OTISFIELD, MAINE | This summer, educators from around the world gathered in Maine to participate in Making History: Pluralism, Peace and the Past, Seeds of Peace’s third annual Educators Course.
The two-week session explored ways in which history contributes to conflict and the role history education can play in encouraging mutual respect, cross-cultural understanding, pluralism, and a more humane and peaceful future.
“The primary question we are concerned with is how educators can engage with the past in a way that encourages perspective-taking, humility, and openness,” said Daniel Moses, Director of Seeds of Peace Educator Programs.
The 30 participants from Afghanistan, Egypt, Iran, Israel, Italy, India, Jordan, Pakistan, Palestine, and the United States engaged with questions of collective narrative, examined ways in which history contributes to conflict, and developed the tools necessary to use history to encourage pluralism and cross-cultural understanding.
“Participants from across lines of conflict live together, sharing rooms, dining tables, and common spaces,” said Daniel. “They discuss issues of mutual concern, create lesson plans, share resources and work that they’ve done in the past.
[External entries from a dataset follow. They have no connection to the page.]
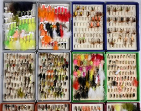 Collection of 6x Fox boxes full of trout Stillwater flies, lures, boobies, buzzers, nymphs, fritz and gold heads. Will last a lifetime (6)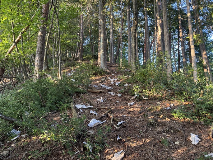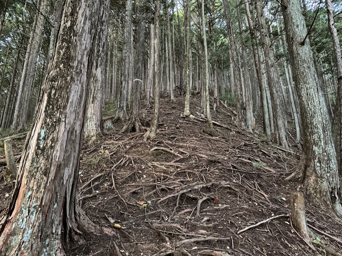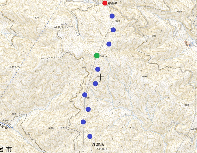 岐阜県下呂市の八尾山(1100m*ぎふ百山)を柿坂峠から5本の送電線の鉄塔を繋ぐ巡視路を利用して登った。 登頂は容易だったが、山頂は雑木に覆われ展望は得られなかった。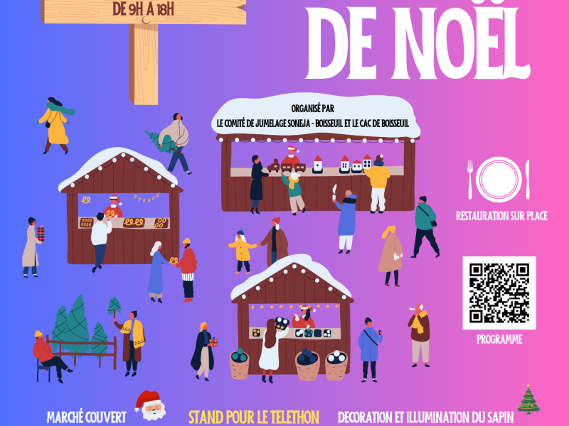 Le Comité de Jumelage Boisseuil - Soneja (Espagne) et le Centre d’Animation Communale co-organisent avec l'aide de la municipalité le marché de Noël le samedi 14 décembre 2024, dans le bourg de Boisseuil (place Soneja).

Together they make decisions that shape their evolving community; over the course of their time together, they co-create their experience.”
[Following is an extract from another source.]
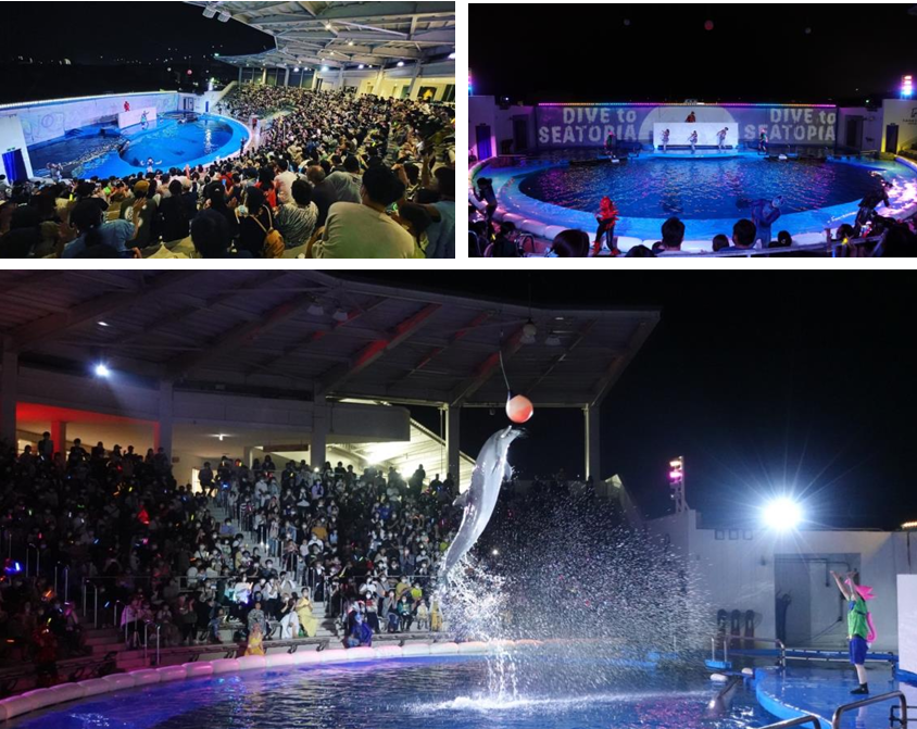 メインパフォーマンス「DIVE TO SEATOPIA」は、ダイナミックなイルカのパフォーマンスと、『白A』によるダンス・アクロバット要素×映像の芸術的なパフォーマンスのコラボレーションにより生み出される、新たなナイトエンターテインメントです。

Workshops were led by faculty members from a range of fields, including Doc Miller from Facing History and Ourselves, Professor Anil Sethi of Azim Premji University in India, Meenakshi Chhabra of Lesley University, the Brooklyn-based poet Elana Bell, the visual artist Robert Shetterly, and the musicians, Brothers Yares.
Workshops focused on encouraging active listening, using visual arts and music to teach history, and the idea of education as a craft and the educator as practitioner of the craft.
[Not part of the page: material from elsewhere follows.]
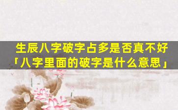 关于生辰八 🐬 字破字占多是否不好,有不同的说法和观点:

Site visits around Maine allowed participants to hear contrasting narratives about the history of the state from the Governor of Maine to the Mayor of Portland, members of the Abyssinian Church, and the Native American Truth and Reconciliation Commission.
“Participants related issues they saw in Maine to their conflict at home all the time. They see and hear the same things, but interpret them in totally different ways due to where they come from,” said Daniel. “These are the differences and experiences we aim to unpack in our conversations.”
The course is based on an understanding that education depends not only on curricula, but also on how educators present information. It encouraged participants to bring all of their experiences to the group—as individual human beings, educators, and people from societies of conflict. In doing so, it created spaces for educator transformation, personal process, and connections to one another.
“It was part Camp, part conference,” said Daniel.
Seeds of Peace Educator Programs work alongside our youth programs and seek to inspire and equip educators in conflict regions with the relationships, understanding, and skills needed to transform schools and communities and contribute to a culture of peace.
Opportunities for continued involvement include gatherings and conversations in the educators’ home countries, and a follow-up workshop in Jordan is in the making.